> WHAT IS BEING ASKED
Could you restate word for word the lines running from the one with "或者简单一点,铺张地毯,嵌入书架,一个人的空间安静无忧。" to the end of the data, both ends included, but without pictures?

> GIVEN MATERIAL
▬▬▬

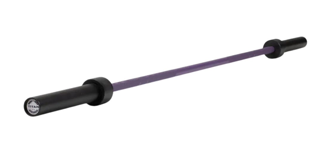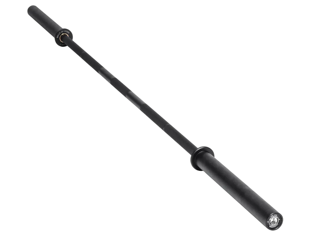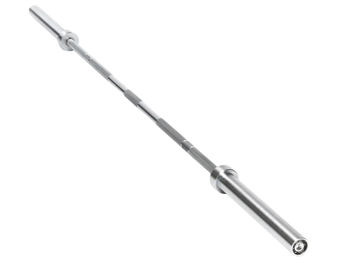 Solid sleeves, with bushings and sleeves with bearings that allow the bar to “spin” while loaded, 7.2 ft long (2.2m), standard bar diameter (28mm), 44 pounds (20kg), has more flex (called “whip”) than a powerlifting barbell, built to take a beating of being dropped repeatedly
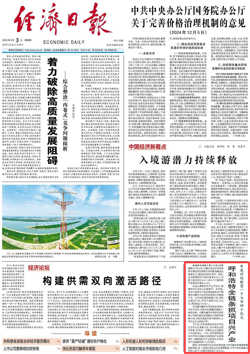 2025年4月3日,《經(jīng)濟日報》第1版刊發(fā)題為《年度計劃投資一千七百四十億元 呼和浩特全鏈條抓項目興產(chǎn)業(yè)》的文章,報道了今年以來,內(nèi)蒙古自治區(qū)呼和浩特市圍繞項目招商引資和落地建設(shè)全鏈條發(fā)力,推動經(jīng)濟回升向好。
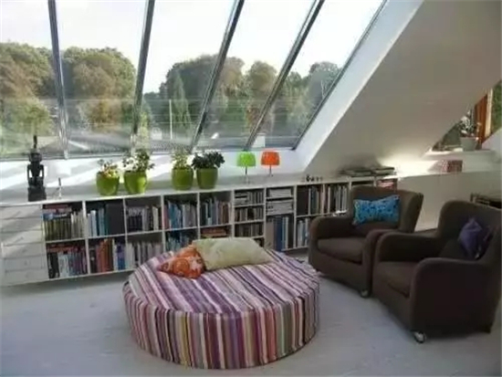 或者简单一点,铺张地毯,嵌入书架,一个人的空间安静无忧。
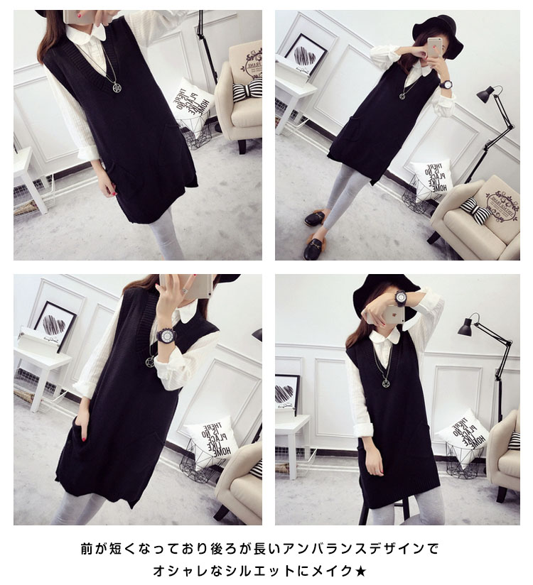 | レイヤードスタイルにピッタリのニットベストが新登場★流行のディテールがたっぷり★前が短くなっており後ろが長いアンバランスデザインでオシャレなシルエットにメイク★シンプルなデザインで、さらっと着て頂けるニットベスト★ | |

▬▬▬

> SOLUTION FOR THIS TASK
 或者简单一点,铺张地毯,嵌入书架,一个人的空间安静无忧。
 | レイヤードスタイルにピッタリのニットベストが新登場★流行のディテールがたっぷり★前が短くなっており後ろが長いアンバランスデザインでオシャレなシルエットにメイク★シンプルなデザインで、さらっと着て頂けるニットベスト★ | |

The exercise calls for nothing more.